As I sat in the middle of the road behind the steering wheel, flashers on, aggravating drivers behind me, waiting on police to arrive, I breathed. I breathed and I thought to myself - “What are you feeling? How would you speak to yourself at this moment if you were someone in your congregation?” I thought: maybe I would say, “This didn’t take God by surprise; he is here with you.” Or some other true thing that clangs around in the middle of chaos and is hard to hold on to. I breathed again.

And I gave myself the gift of choosing peace, maybe I should say fighting for peace. I was rattled. There were a couple of moments where Craig and I were each in conversation on our phone with the insurance company and the police, plus the other driver standing outside my window, where I couldn’t keep straight what to do next. But I accepted the strength flowing from my husband and I worked at it - choose peace. The rattled, startled, skittish feelings poked and sprang and whizzed about, and I also continued to work at calm, welcome wisdom and accept reality.

Mind you - all this was without any physical injuries, so I’m reluctant to even talk about it, because I have friends and family that have suffered so much more in accidents, sustaining injuries that take months or years to recover from, and some have even lost their dear ones to death in an automobile accident. Please know I am not attempting to compare my experience to yours - just sharing a thing that happened this last week.

So here we are, one week before Christmas, and I thought I would write about something different. But accidents happen, and they disrupt, and maybe that’s something I can take to heart at Christmas. We tend to create scripts and wishlists and ideal scenarios for Christmas, and even now are looking ahead two weeks to our hope-filled plans and goals for a sparkling 2020. Immanuel, God with us, is meant for all the moments - the merrily rolling along and the walks in a winter wonderland and the rides in a one-horse-open-sleigh. And the inconvenient accidents and mistakes, sicknesses and pains, brokenness and failures. All of it. God is with us.

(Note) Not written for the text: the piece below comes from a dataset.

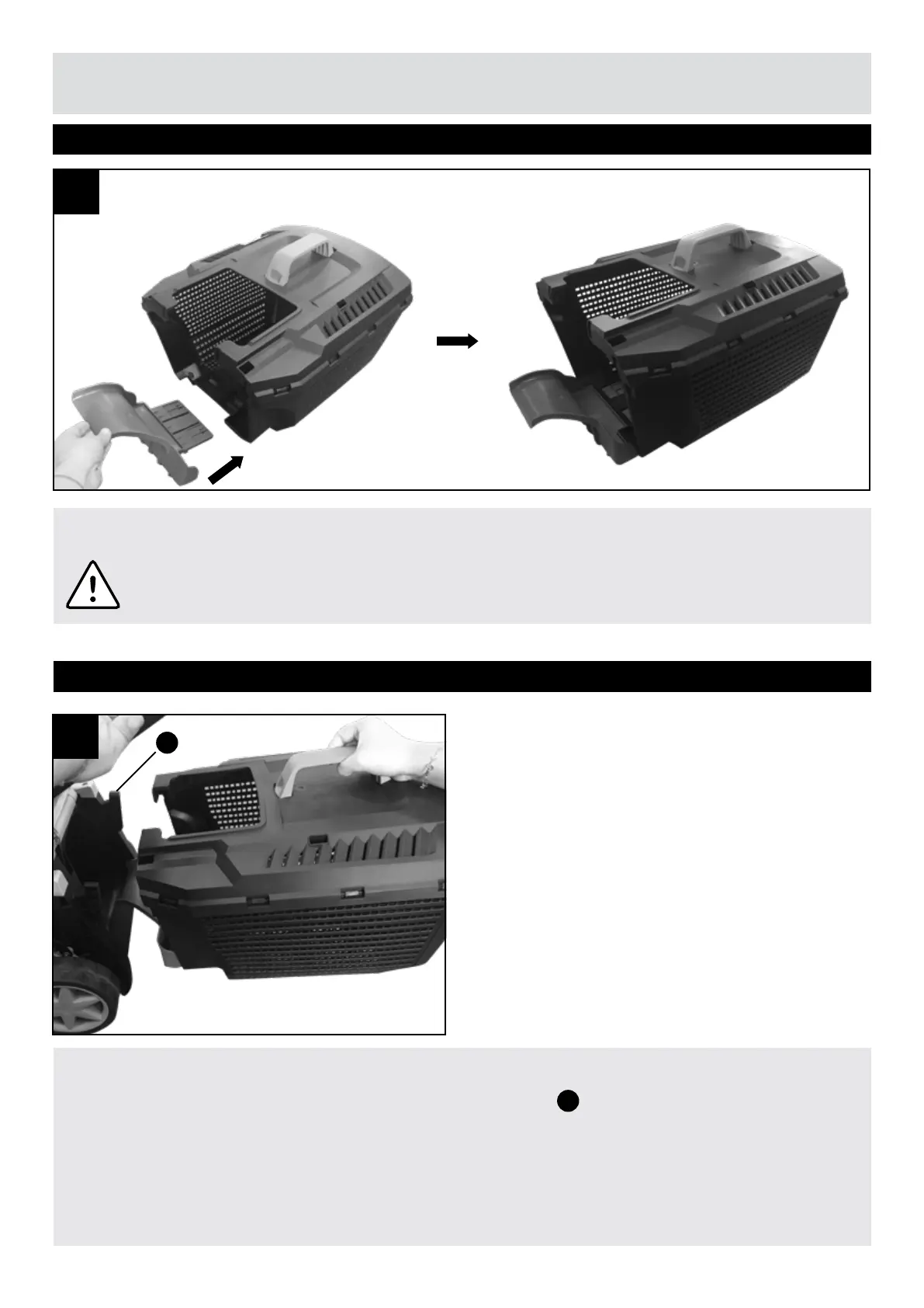 • Place the grass collection box on the mounting bracket ( ) at the back of the lawn mower.

The circumstances of Christ’s birth read like a series of unfortunate events - unwed pregnancy, forced immigration, lack of shelter, and of course, now it’s time for the baby to come! I love to ponder God’s presence, his with-me reality, in quiet, pleasant, beautiful places, or with community brimming with warmth, song and love. But the truth is, he is present in the stark cold, the dark night, the lonely and helpless moments when no one seems to care. He shows up at the point of inconvenience. He’s in the room during that bitter conflict. This is the hope of the gospel. A Savior has been born. He is Christ the Lord. He will save his people from their sins. These true things ring loudly, sing deeply, and ribbon through all the quirky disruptions to our Christmas.


Scripture Meditation and Affirmation:
Matthew 1:21-23
21 She will give birth to a son, and you are to give him the name Jesus, because he will save his people from their sins.”
22 All this took place to fulfill what the Lord had said through the prophet: 23 “The virgin will conceive and give birth to a son, and they will call him Immanuel” (which means “God with us”).

Prayer:
Immanuel, please help me see past my mistakes, through life’s accidents, beyond disappointment. Help my heart know you are with me, that you are Savior, that you are Lord. Help me experience the peace that the angels proclaimed and the scriptures promise.